═══ Data shown
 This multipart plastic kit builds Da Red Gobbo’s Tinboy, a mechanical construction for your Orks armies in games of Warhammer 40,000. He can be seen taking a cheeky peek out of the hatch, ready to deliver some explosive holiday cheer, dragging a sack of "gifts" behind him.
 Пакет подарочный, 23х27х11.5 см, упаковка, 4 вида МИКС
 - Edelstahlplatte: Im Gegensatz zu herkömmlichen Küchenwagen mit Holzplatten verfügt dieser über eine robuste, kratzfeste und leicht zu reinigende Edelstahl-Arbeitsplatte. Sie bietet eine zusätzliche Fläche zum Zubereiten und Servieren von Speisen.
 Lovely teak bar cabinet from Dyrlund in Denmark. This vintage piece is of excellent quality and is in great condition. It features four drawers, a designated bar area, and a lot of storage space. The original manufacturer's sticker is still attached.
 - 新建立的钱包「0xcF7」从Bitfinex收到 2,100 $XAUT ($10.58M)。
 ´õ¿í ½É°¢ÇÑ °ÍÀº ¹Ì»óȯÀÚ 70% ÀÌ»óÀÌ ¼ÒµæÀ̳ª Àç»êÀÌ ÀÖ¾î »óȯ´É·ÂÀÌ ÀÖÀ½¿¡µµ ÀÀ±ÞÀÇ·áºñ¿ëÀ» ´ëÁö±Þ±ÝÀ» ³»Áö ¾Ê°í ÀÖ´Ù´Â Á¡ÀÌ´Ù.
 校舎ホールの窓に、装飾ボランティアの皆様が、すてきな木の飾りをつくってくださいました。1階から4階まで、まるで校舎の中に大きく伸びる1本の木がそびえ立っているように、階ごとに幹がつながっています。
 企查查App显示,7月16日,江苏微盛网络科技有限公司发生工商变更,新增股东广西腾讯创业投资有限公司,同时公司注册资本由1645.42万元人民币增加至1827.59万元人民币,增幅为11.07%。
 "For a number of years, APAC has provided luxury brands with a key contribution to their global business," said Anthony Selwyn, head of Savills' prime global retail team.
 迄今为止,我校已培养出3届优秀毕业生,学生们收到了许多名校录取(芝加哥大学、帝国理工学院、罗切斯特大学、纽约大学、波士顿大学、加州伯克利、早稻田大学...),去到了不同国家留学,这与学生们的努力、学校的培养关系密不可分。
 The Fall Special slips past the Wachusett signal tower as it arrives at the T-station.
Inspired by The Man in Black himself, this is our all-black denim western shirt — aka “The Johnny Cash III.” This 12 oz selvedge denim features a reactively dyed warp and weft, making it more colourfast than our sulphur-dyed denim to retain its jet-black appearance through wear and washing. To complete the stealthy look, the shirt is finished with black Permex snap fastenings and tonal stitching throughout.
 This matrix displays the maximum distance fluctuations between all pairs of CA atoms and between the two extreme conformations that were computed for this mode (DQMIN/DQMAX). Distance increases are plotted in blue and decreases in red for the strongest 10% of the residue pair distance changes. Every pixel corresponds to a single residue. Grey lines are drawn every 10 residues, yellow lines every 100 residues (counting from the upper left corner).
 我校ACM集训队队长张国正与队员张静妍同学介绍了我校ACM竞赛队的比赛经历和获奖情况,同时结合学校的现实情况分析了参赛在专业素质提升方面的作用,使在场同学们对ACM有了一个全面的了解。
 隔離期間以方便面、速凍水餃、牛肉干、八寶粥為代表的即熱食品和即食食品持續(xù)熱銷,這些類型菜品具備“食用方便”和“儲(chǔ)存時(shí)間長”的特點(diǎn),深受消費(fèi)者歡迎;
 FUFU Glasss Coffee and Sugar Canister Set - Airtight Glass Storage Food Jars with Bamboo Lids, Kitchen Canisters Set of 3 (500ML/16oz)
══════
Show all lines of the material in which the word "from" can be found.

> [Task answer]
 Lovely teak bar cabinet from Dyrlund in Denmark. This vintage piece is of excellent quality and is in great condition. It features four drawers, a designated bar area, and a lot of storage space. The original manufacturer's sticker is still attached.
 This matrix displays the maximum distance fluctuations between all pairs of CA atoms and between the two extreme conformations that were computed for this mode (DQMIN/DQMAX). Distance increases are plotted in blue and decreases in red for the strongest 10% of the residue pair distance changes. Every pixel corresponds to a single residue. Grey lines are drawn every 10 residues, yellow lines every 100 residues (counting from the upper left corner).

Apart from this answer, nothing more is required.